Em 2021, a Bienal de São Paulo completa seus 70 anos, sendo um dos eventos mais importantes do calendário do circuito da arte internacional; confira alguns fatos que se consolidaram como acontecimentos importantes ao longo dessas sete décadas

por Jamyle Rkain

Em 1951, Ciccillo Matarazzo idealizava a 1ª edição da Bienal de São Paulo, uma iniciativa que tinha como objetivo colocar não só a cidade mas também o Brasil todo no cenário da arte mundial. Neste ano, o evento completa 70 anos, sendo um dos mais importantes do circuito artístico internacional.

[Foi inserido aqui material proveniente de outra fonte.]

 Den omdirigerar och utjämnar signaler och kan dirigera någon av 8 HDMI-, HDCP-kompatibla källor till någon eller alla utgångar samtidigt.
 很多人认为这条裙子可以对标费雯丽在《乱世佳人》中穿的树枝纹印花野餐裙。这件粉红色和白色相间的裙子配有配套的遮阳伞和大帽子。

Para comemorar esta data, diversas ações foram criadas pela Fundação Bienal de São Paulo, com o objetivo de resgatar e preservar a memória do mais importante evento de arte da América Latina. Na plataforma 70 anos, você encontra várias formas de conhecer mais sobre essa história, por meio de podcast, webstories, minidoc, dentre outras iniciativas. Nos debruçamos pela história da Bienal de SP e preparamos uma lista com fatos marcantes que ocorreram nas edições que se sucederam ao longo dessas sete décadas! Veja abaixo.

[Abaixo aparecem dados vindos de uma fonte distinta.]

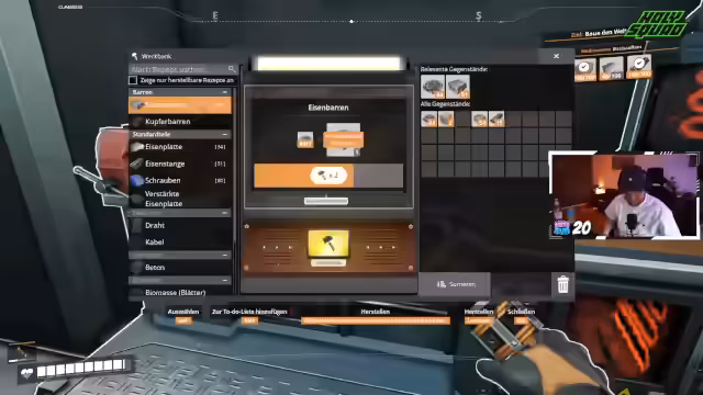 00:26:36Mit Mario zusammen errichtet der Streamer seine Basis. Sie platzieren den ersten Hub und diskutieren die optimale Positionierung. Der Streamer stellt seine unerfahrenen Fähigkeiten im Spiel vor, während Mario erfahrener zu sein scheint. Sie beginnen mit der Ressourcengewinnung und dem Craften von Eisenplatten.

Lembramos ainda que, adiada em razão da pandemia, a exposição principal da 34ª Bienal de São Paulo – faz escuro mas eu canto, será inaugurada daqui exatamente há um mês, no dia 4 de setembro, se estendendo até 5 de dezembro, no Pavilhão da Bienal, no Parque do Ibirapuera. Além da mostra geral, a organização fez parcerias com várias instituições paulistanas, que irão sediar exposições vinculadas à Bienal. Para conferir a lista completa de artistas participantes, clique aqui.

A Bienal da Antropofagia


Delson Uchoa, ‘Roi roi’, na seção Um e/entre Outro/s – Arte Contemporânea Brasileira no Eixo da Cor. FOTO: Gal Oppido

Uma das bienais mais famosas, a 24ª Bienal de São Paulo, que aconteceu em 1998 e teve como título UM E/ENTRE OUTRO/S, ficou conhecida popularmente como a Bienal da Antropofagia. Sob curadoria-geral de Paulo Herkenhoff e tendo como curador-adjunto Adriano Pedrosa, ela teve a participação de mais de 300 artistas de 54 países.

“A primeira ideia do crítico Paulo Herkenhoff foi misturar obras de artistas originalmente distantes no tempo e no espaço por meio da noção (talvez o curador preferisse “conceito”) genérica de “contaminação”. A partir daí se chegava ao conceito histórico de “antropofagia”.”, escrevem Francisco Alambert; Polyana Canhête no livro As Bienais de São Paulo: da era do Museu à era dos curadores (1951-2001).

Keith Haring

O artista estadunidense Keith Haring na montagem de sua obra na 17ª Bienal. FOTO: Miriam Torres

A 17ª Bienal de São Paulo trouxe ao Brasil um dos principais nomes da arte estadunidense para um edição que reuniu artistas de 43 países e 1650 obras! Esta bienal que trouxe Keith Haring teve curadoria-geral de Walter Zanini, além de trazer curadores específicos para alguns núcleos expositivos, como Julio Plaza para Arte e Videotexto; Berta Sichel para Novas Metáforas/Seis Alternativas); Rui Moreira Leite como co-curador de uma individual de Flavio de Carvalho; Gino Di Maggio para uma exposição do grupo Fluxus) e Norberto Nicola como curador de Arte Plumária do Brasil. Além disso, Agnaldo Farias e Samuel Eduardo Leon fizeram a curadoria de cinema desta edição!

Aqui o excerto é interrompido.